Trump, unapologetic, dismissed the investigation anew — and even declared on social media that Jan. 6 “represented the greatest movement in the history of our country.”

The House has approved a “red flag” bill that would allow families, police and others to ask federal courts to order the removal of firearms from people believed to be at extreme risk of harming themselves or others.

It’s the Democratic-controlled chamber’s latest response to U.S. mass shootings, and likely stands little chance in the Senate. Republicans criticized the bill as giving the federal government the ability to take a law-abiding person’s guns without them having the ability to contest it beforehand.

Authorities say an employee opened fire at a manufacturing business in western Maryland, leaving three coworkers dead and one other critically injured before the suspect and a state trooper were wounded in a shootout.

The Washington County sheriff said the victims of Thursday’s shooting and the suspect all worked at Columbia Machine Inc. in Smithsburg. Authorities say the 42-year-old suspect fled after the shooting in a vehicle and he was tracked down by Maryland State Police.

The sheriff’s office says the suspect and a trooper were wounded in an exchange of gunfire. Both were being treated for their wounds.

The PGA suspends 17 golfers, Tampa moves closer to winning the East in hockey, the LA Angels snap their losing streak, Muncy returns in a big way for the LA Dodgers, Gerrit Cole give up 5 home runs but the New York Yankees still win.

GasBuddy reports prices have topped $5 a gallon nationally. 

Benchmark U.S. crude oil for July delivery fell 60 cents to $121.51 a barrel Thursday. Brent crude for August delivery fell 51 cents to $123.07 a barrel.

President Joe Biden is trying to present a unifying vision for the Western Hemisphere as he hosts the Summit of Americas in Los Angeles.

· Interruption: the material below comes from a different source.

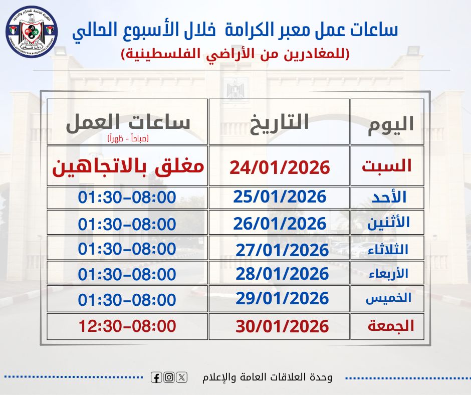 ساعات عمل معبر الكرامة خلال الأسبوع الجاري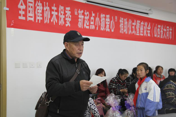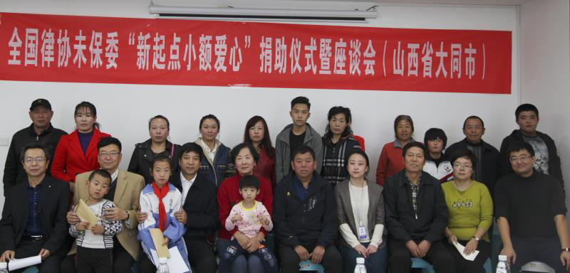 为迎接党的十九大胜利召开,在全社会进一步掀起关爱祖国未来,关注未成年人的成长氛围,10月17日下午,由中华全国律协未成年人保护委员会、山西省律师协会、共青团大同市委、大同市律师协会共同举办的“新起点—小额爱心”捐助仪式暨座谈会在共青团大同市委会议室举行。全国律协未保委副主任王毅伟,省律协副会长、未保委主任彭建荣,省律协顾问郭福元,省律协培训部副主任刘艳和大同市司法局副局长刘建军,大同律协会长臧文,大同市中级法院、市司法局、市妇联、市教育局、市法律援助中心等单位参加了活动。10名受助未成年人及家长等共计40余人出席了资助仪式。

But the gathering has been wracked by divisions and absences that make it hard to bring North and South America together around shared goals on migration, the economy and climate.

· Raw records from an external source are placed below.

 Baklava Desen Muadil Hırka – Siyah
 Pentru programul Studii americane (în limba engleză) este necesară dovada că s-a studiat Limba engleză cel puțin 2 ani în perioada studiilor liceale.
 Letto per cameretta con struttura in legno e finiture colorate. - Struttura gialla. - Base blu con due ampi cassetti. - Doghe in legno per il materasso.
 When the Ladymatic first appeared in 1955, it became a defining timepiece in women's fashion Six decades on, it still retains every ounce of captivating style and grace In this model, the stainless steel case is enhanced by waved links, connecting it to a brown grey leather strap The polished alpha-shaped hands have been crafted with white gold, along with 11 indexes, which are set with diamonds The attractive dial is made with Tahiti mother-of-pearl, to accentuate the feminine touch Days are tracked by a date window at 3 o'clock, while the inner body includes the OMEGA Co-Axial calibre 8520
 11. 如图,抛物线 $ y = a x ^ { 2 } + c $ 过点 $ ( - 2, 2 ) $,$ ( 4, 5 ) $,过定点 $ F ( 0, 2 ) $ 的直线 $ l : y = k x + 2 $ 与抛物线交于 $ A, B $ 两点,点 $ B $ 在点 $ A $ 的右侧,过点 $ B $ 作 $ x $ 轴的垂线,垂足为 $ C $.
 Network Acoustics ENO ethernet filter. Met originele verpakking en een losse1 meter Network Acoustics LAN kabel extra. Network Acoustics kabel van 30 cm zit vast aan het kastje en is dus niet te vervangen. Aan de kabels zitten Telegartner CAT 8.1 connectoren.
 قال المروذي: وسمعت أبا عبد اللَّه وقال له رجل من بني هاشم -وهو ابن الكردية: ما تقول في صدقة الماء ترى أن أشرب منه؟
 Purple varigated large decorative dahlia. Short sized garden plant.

A COVID-19 vaccine that could soon win federal authorization may offer a boost for the U.S. military: an opportunity to get shots into some of the thousands of service members who have refused the other coronavirus vaccines for religious reasons.

Military officials say many troops who refuse the shots cite certain COVID-19 vaccines’ remote connection to abortions.

Average long-term U.S. mortgage rates jumped back up ahead of next week’s Federal Reserve meeting where it’s expected to announce another increase to its main borrowing rate.

Mortgage buyer Freddie Mac reported Thursday that the 30-year rate jumped to 5.23% this week from 5.09% last week.

The brisk jump in rates, along with a sharp increase in home prices, has been pushing potential homebuyers out of the market. 

Fresh off his legal battle with his ex-wife, Johnny Depp has announced that he and legendary guitarist Jeff Beck will release an album of mostly covers next month.

The duo’s 13-track album is titled “18” and will drop on July 15. The album contains covers of The Velvet Underground’s “Venus In Furs,” the Everly Brothers’ ballad “Let It Be Me” and Marvin Gaye’s soul classic “What’s Going On.”

The Recording Academy has created a social change song award and five new categories including songwriter of the year, giving the Grammys an avenue to honor music’s best composer.

The academy announced Thursday that the new non-classical songwriter category will recognize one individual who was the “most prolific” non-performing and non-producing songwriters for their body of new work during an eligibility year.

The four other categories include best spoken word poetry album, alternative music performance, Americana music performance and score soundtrack for video games and other interactive media. The academy created a special merit award that determines best song for social change.